*Exercise directions*:
An exact, picture-free copy of the listing is required.

*Data for review*:
%%
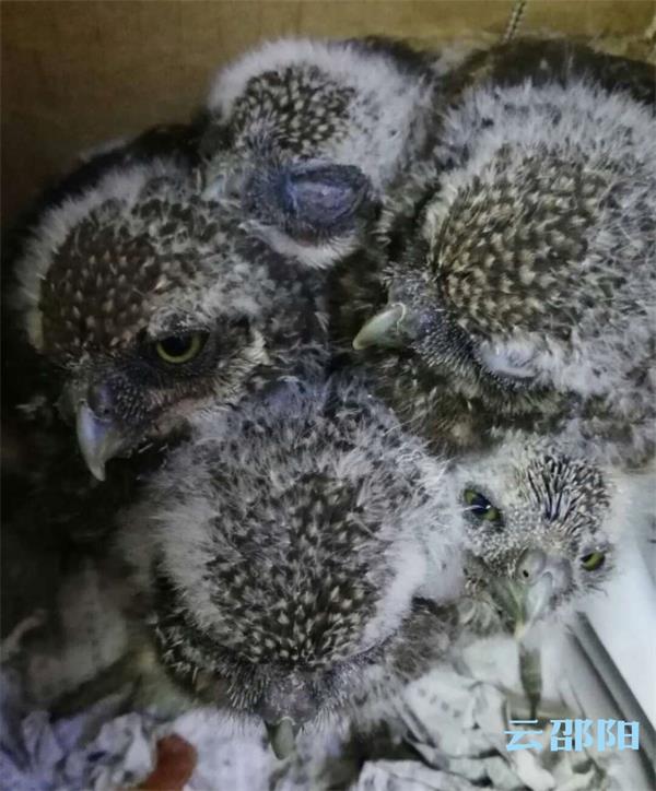 当他们再往排气管中探望时又被吓了一跳,原来管子内还有四只猫头鹰。两人小心翼翼地将它们放在纸箱子里。担心放在家里会出问题,刘继辉立即给城步苗族自治县林业局打电话求援。
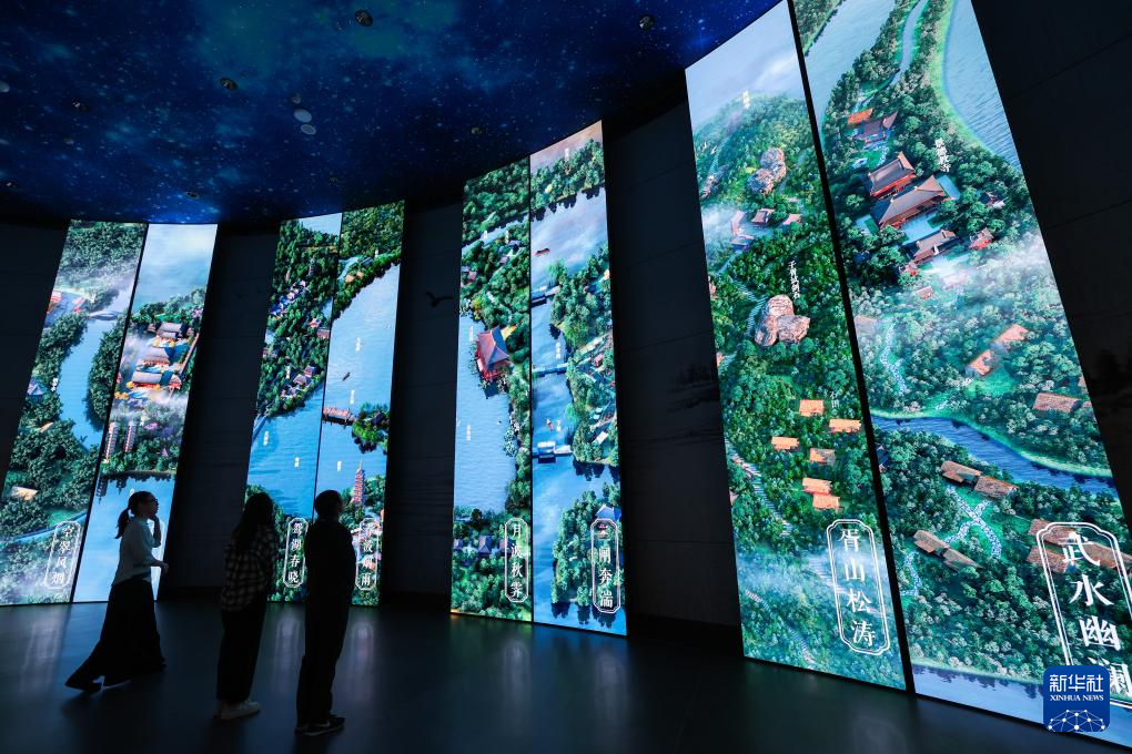 10月11日,游客在大運河數字詩路e站的嘉禾八景展廳內參觀。
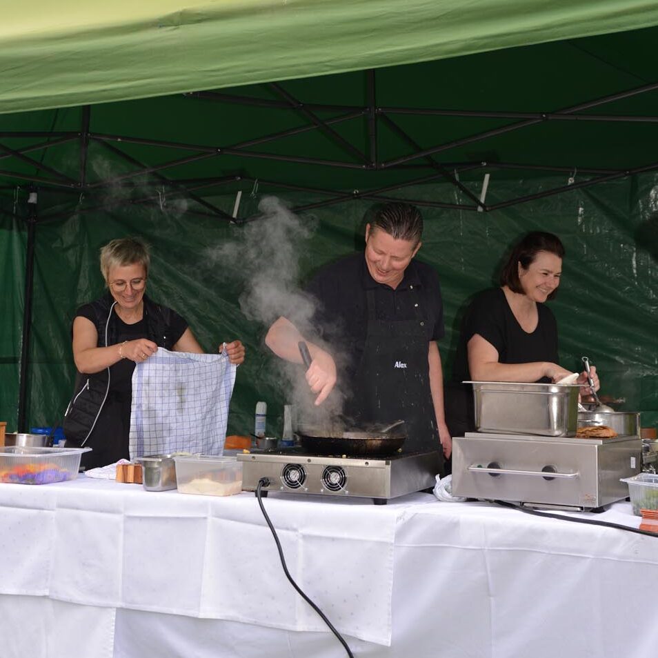 Ein besonderes Highlight des Tages war das „Restl-Schaukochen“ am Josef-Riedl-Platz. Haubenkoch Alexander Fankhauser zeigte eindrucksvoll, wie aus Lebensmitteln, die andernorts vielleicht keine Verwendung mehr gefunden hätten, köstliche Gerichte entstehen können.
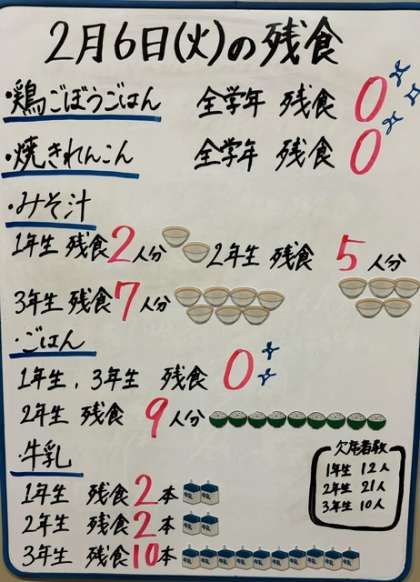 2月5日〜9日の間、保健委員会の生徒が考えた取り組みで「完食大作戦」と名づけ、クラスごとに残食をはかっています。
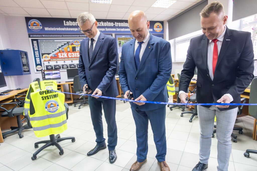 20 listopada br. symboliczne przecięcie wstęgi w Laboratorium szkolno-treningowym Wielośrodowiskowego Zautomatyzowanego Systemu Zarządzania Kryzysowego „JAŚMIN” (SZK JAŚMIN), którego dokonali JM Rektor dr hab. Marek Delong, prof. PANS, Zastępca Prezydenta Miasta Przemyśla – Krzysztof Majcher oraz Zastępca Dyrektora Departamentu Marketingu i Handlu firmy Teldat – Łukasz Blechman, uroczyście otworzyło drzwi do nowej ery szkoleń i symulacji w dziedzinie bezpieczeństwa publicznego.
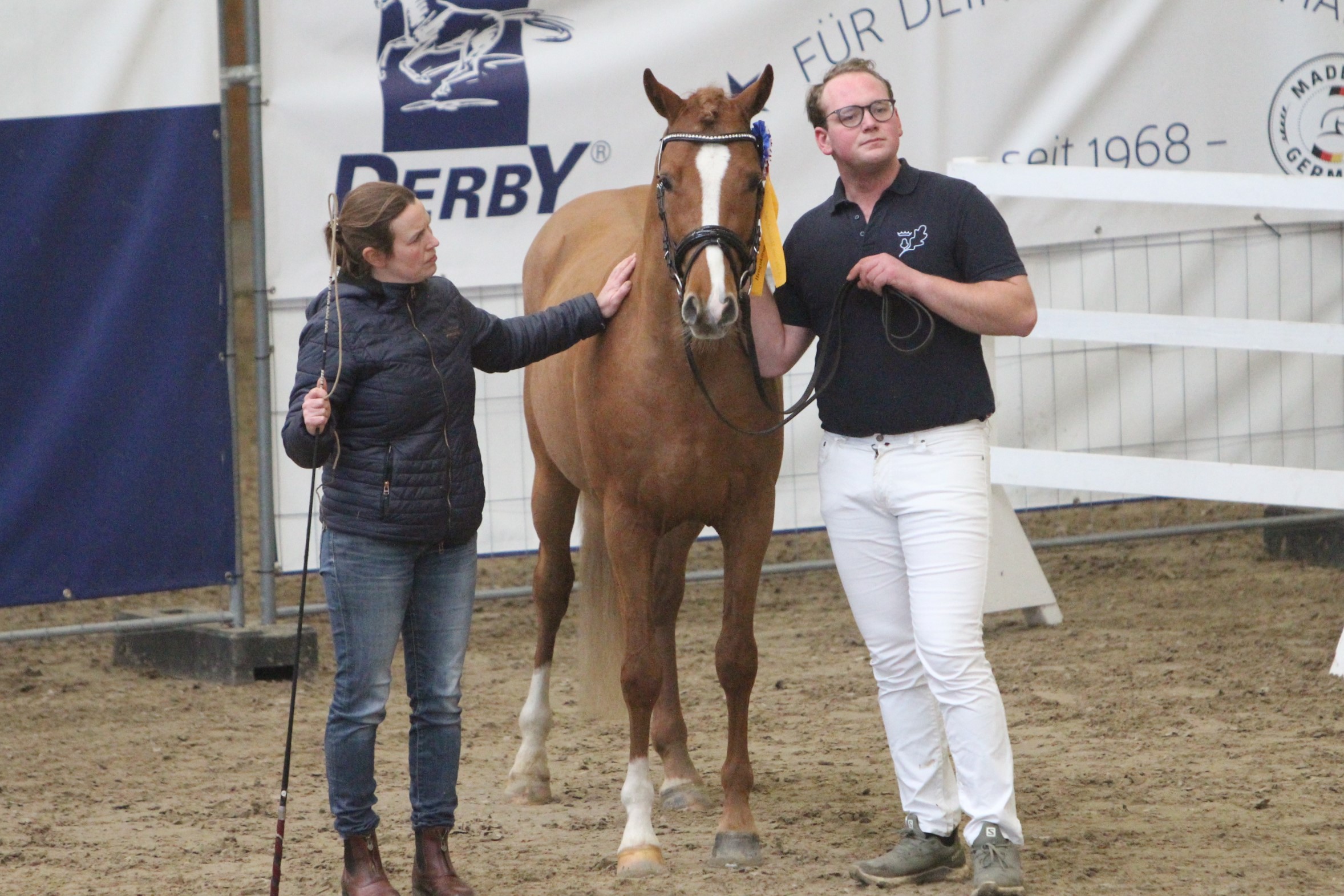 Herzlichen Glückwunsch an den Züchter Severin v. Rumohr, der bei diese Ansage - mit fast neutraler Mimik und fast ohne Emotionen auf der Tribüne sitzend - zuschaute.
%%
*Written solution*:
 当他们再往排气管中探望时又被吓了一跳,原来管子内还有四只猫头鹰。两人小心翼翼地将它们放在纸箱子里。担心放在家里会出问题,刘继辉立即给城步苗族自治县林业局打电话求援。
 10月11日,游客在大運河數字詩路e站的嘉禾八景展廳內參觀。
 Ein besonderes Highlight des Tages war das „Restl-Schaukochen“ am Josef-Riedl-Platz. Haubenkoch Alexander Fankhauser zeigte eindrucksvoll, wie aus Lebensmitteln, die andernorts vielleicht keine Verwendung mehr gefunden hätten, köstliche Gerichte entstehen können.
 2月5日〜9日の間、保健委員会の生徒が考えた取り組みで「完食大作戦」と名づけ、クラスごとに残食をはかっています。
 20 listopada br. symboliczne przecięcie wstęgi w Laboratorium szkolno-treningowym Wielośrodowiskowego Zautomatyzowanego Systemu Zarządzania Kryzysowego „JAŚMIN” (SZK JAŚMIN), którego dokonali JM Rektor dr hab. Marek Delong, prof. PANS, Zastępca Prezydenta Miasta Przemyśla – Krzysztof Majcher oraz Zastępca Dyrektora Departamentu Marketingu i Handlu firmy Teldat – Łukasz Blechman, uroczyście otworzyło drzwi do nowej ery szkoleń i symulacji w dziedzinie bezpieczeństwa publicznego.
 Herzlichen Glückwunsch an den Züchter Severin v. Rumohr, der bei diese Ansage - mit fast neutraler Mimik und fast ohne Emotionen auf der Tribüne sitzend - zuschaute.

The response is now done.